The material below holds a span beginning at the line with "天然纤维祗能依靠后处理方法达" and ending at the line with "UBBCARE 6 Pack". Quote that span exactly, both ends included, and only that span.

# Given records

^^^^

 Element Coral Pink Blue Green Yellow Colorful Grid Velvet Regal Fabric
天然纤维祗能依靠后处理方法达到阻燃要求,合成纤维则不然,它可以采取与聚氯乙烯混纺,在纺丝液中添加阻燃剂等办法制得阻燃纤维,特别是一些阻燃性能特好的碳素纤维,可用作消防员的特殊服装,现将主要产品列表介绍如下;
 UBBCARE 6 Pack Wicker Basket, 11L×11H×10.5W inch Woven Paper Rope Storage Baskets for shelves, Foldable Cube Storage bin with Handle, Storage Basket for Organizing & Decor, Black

^^^^

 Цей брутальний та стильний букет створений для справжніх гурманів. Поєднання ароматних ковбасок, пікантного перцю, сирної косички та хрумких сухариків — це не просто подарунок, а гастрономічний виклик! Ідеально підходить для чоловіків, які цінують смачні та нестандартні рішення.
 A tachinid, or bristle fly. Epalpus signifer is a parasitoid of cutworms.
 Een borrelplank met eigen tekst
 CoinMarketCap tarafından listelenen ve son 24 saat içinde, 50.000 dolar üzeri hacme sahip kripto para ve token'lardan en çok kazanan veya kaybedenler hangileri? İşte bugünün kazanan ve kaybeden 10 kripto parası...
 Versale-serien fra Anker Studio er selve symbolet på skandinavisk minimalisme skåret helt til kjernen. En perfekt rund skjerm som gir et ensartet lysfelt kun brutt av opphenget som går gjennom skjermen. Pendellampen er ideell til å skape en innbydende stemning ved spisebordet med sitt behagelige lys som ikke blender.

^^^^

# Response for this exercise
天然纤维祗能依靠后处理方法达到阻燃要求,合成纤维则不然,它可以采取与聚氯乙烯混纺,在纺丝液中添加阻燃剂等办法制得阻燃纤维,特别是一些阻燃性能特好的碳素纤维,可用作消防员的特殊服装,现将主要产品列表介绍如下;
 UBBCARE 6 Pack Wicker Basket, 11L×11H×10.5W inch Woven Paper Rope Storage Baskets for shelves, Foldable Cube Storage bin with Handle, Storage Basket for Organizing & Decor, Black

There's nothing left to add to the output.